▶ Records shown:
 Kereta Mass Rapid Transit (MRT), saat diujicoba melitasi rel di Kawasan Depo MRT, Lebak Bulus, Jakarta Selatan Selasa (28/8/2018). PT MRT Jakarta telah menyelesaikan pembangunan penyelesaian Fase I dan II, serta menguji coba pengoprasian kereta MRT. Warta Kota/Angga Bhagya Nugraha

--

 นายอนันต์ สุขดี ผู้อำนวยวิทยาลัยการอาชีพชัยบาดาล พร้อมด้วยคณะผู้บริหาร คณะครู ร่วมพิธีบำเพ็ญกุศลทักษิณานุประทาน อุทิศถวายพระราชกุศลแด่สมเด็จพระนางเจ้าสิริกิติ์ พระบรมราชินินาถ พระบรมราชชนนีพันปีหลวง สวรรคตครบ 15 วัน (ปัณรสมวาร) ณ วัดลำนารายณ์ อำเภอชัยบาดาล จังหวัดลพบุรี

==

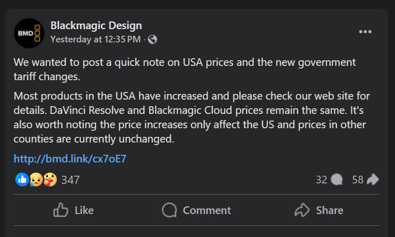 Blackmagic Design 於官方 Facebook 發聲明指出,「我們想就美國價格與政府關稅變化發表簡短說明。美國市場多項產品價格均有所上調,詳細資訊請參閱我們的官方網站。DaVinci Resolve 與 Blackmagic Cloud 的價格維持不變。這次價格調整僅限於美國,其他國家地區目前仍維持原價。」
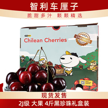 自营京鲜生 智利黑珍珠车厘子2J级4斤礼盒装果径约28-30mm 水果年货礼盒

▶ Task goal:
Taking the entries above, extract every line from the one bearing "Blackmagic Design 於官方" through the one bearing "自营京鲜生 智利黑珍珠车厘子2J级4斤礼盒装果径约28-30mm 水果年货礼盒", exactly, with no pictures.

▶ Output for this exercise:
 Blackmagic Design 於官方 Facebook 發聲明指出,「我們想就美國價格與政府關稅變化發表簡短說明。美國市場多項產品價格均有所上調,詳細資訊請參閱我們的官方網站。DaVinci Resolve 與 Blackmagic Cloud 的價格維持不變。這次價格調整僅限於美國,其他國家地區目前仍維持原價。」
 自营京鲜生 智利黑珍珠车厘子2J级4斤礼盒装果径约28-30mm 水果年货礼盒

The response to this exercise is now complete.